[[ Record set open ]]

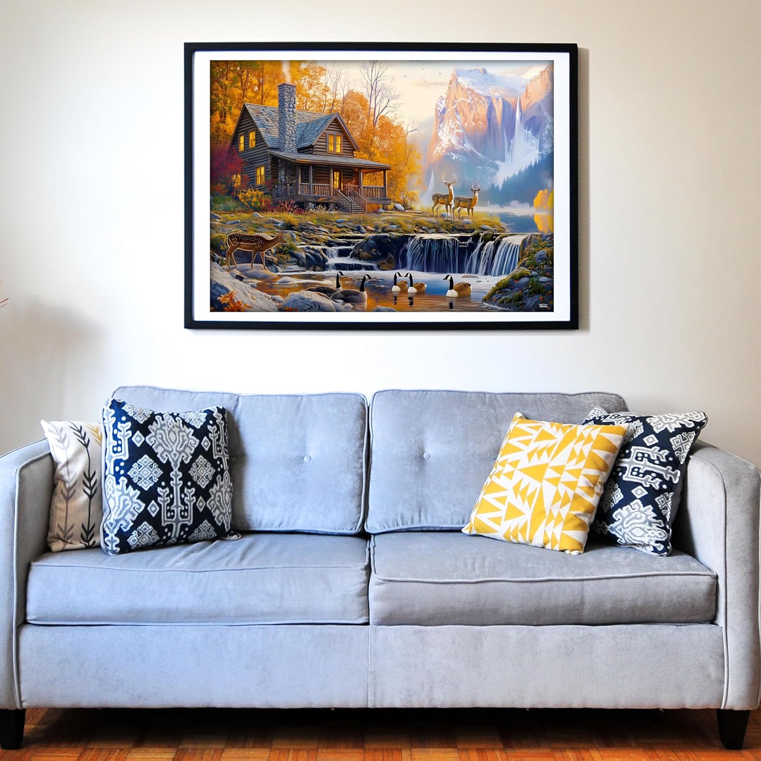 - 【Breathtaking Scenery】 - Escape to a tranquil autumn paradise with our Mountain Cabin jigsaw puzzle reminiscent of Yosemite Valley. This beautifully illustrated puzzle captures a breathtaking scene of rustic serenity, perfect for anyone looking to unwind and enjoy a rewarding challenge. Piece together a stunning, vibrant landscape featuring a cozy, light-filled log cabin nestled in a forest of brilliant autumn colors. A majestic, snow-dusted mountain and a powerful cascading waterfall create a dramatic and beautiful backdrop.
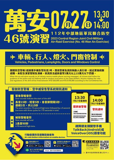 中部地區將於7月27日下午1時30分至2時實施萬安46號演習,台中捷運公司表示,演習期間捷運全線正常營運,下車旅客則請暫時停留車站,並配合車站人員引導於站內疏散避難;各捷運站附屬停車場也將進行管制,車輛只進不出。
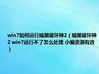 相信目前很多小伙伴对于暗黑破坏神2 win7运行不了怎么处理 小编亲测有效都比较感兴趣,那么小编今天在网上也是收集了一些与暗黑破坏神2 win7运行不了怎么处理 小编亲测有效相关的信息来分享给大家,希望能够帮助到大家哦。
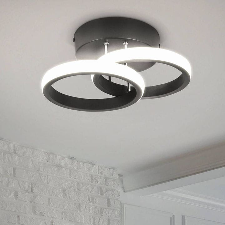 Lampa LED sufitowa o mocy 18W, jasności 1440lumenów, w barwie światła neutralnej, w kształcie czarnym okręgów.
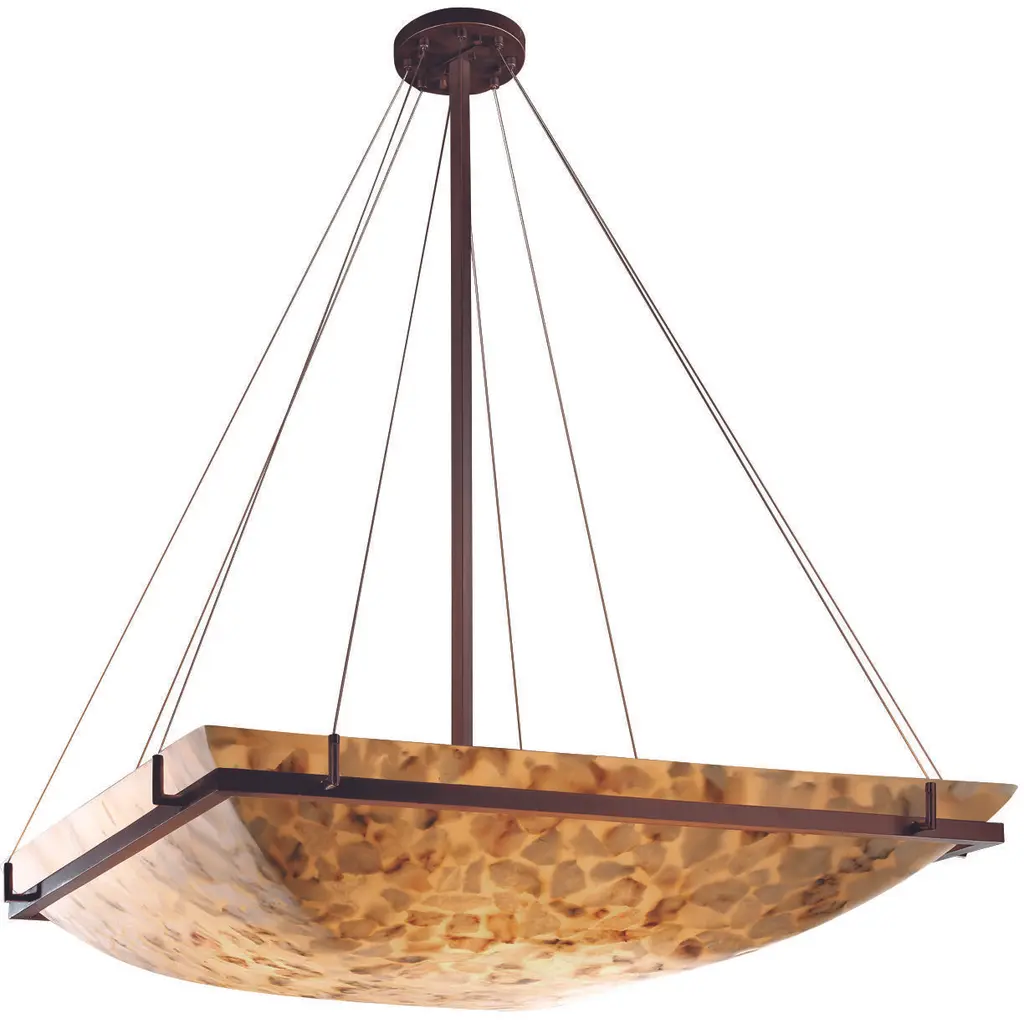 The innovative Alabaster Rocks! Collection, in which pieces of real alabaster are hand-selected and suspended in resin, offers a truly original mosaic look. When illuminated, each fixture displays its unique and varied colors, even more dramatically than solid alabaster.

[[ Record set closed ]]

> _Exercise_
The records are to be duplicated in full and exactly, with images left out.

> _Answer to this exercise_
 - 【Breathtaking Scenery】 - Escape to a tranquil autumn paradise with our Mountain Cabin jigsaw puzzle reminiscent of Yosemite Valley. This beautifully illustrated puzzle captures a breathtaking scene of rustic serenity, perfect for anyone looking to unwind and enjoy a rewarding challenge. Piece together a stunning, vibrant landscape featuring a cozy, light-filled log cabin nestled in a forest of brilliant autumn colors. A majestic, snow-dusted mountain and a powerful cascading waterfall create a dramatic and beautiful backdrop.
 中部地區將於7月27日下午1時30分至2時實施萬安46號演習,台中捷運公司表示,演習期間捷運全線正常營運,下車旅客則請暫時停留車站,並配合車站人員引導於站內疏散避難;各捷運站附屬停車場也將進行管制,車輛只進不出。
 相信目前很多小伙伴对于暗黑破坏神2 win7运行不了怎么处理 小编亲测有效都比较感兴趣,那么小编今天在网上也是收集了一些与暗黑破坏神2 win7运行不了怎么处理 小编亲测有效相关的信息来分享给大家,希望能够帮助到大家哦。
 Lampa LED sufitowa o mocy 18W, jasności 1440lumenów, w barwie światła neutralnej, w kształcie czarnym okręgów.
 The innovative Alabaster Rocks! Collection, in which pieces of real alabaster are hand-selected and suspended in resin, offers a truly original mosaic look. When illuminated, each fixture displays its unique and varied colors, even more dramatically than solid alabaster.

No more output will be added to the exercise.